# removing the latex forehead from a wig cap



## timekiller (Oct 18, 2011)

"Usually" the hair is glued and can be removed by using 90% isolated alcohol. This works for latex masks. Make sure to wash if afterwards.


----------



## nfirkins80 (Aug 5, 2021)

my ignorant question rubbing the latex with alcohol will help get rid of it, no cutting or anything? what do you think is the best adhesive to then attach to a regular bald cap? thanks


----------



## Frankie's Girl (Aug 27, 2007)

Pretty sure alcohol won't dissolve the latex/rubber mask part; only if the hair is glued onto the latex/rubber head part (and the glue is susceptible to the alcohol - some aren't).
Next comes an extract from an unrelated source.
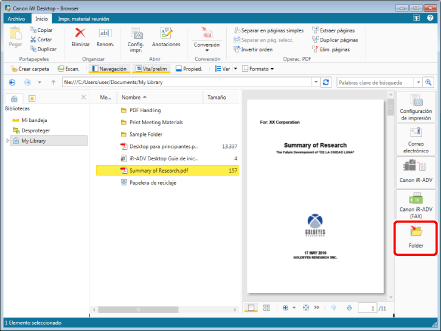Cuando se ha especificado [Mover] para [Operaciones de documentos] en los ajustes del botón de salida de bandeja de destino, el documento enviado se elimina de Desktop. Para conservar el documento enviado en Desktop, especifique [Copiar]. Para obtener más información sobre cómo configurar los botones de salida de bandeja de destino, consulte:

If it was me, wanting to cut off the forehead part and just have the hair, I'd likely get a very sharp exacto blade/knife and VERY carefully cut right at the hair line, and try really hard to not cut the hair part at all, and then brush the hair over a bit to camouflage the edges (maybe use a bit of glue to get it to stay put). I think then I'd not worry about attaching it to a bald cap, but slide it onto your head over the bald cap like a hat. You could technically use spirit gum to glue it down to your skin/the bald cap around the edges if you were worried (you definitely will need to get a spirit gum remover also).


----------



## nfirkins80 (Aug 5, 2021)

Frankie's Girl said:


> Pretty sure alcohol won't dissolve the latex/rubber mask part; only if the hair is glued onto the latex/rubber head part (and the glue is susceptible to the alcohol - some aren't).
> 
> If it was me, wanting to cut off the forehead part and just have the hair, I'd likely get a very sharp exacto blade/knife and VERY carefully cut right at the hair line, and try really hard to not cut the hair part at all, and then brush the hair over a bit to camouflage the edges (maybe use a bit of glue to get it to stay put). I think then I'd not worry about attaching it to a bald cap, but slide it onto your head over the bald cap like a hat. You could technically use spirit gum to glue it down to your skin/the bald cap around the edges if you were worried (you definitely will need to get a spirit gum remover also).


Thank you, I think that's what I'll do. A little afraid the wig may fall off, but I could use spirit gum or pros-aide to attch to bald cap, right? I jump around a lot on Halloween night..


----------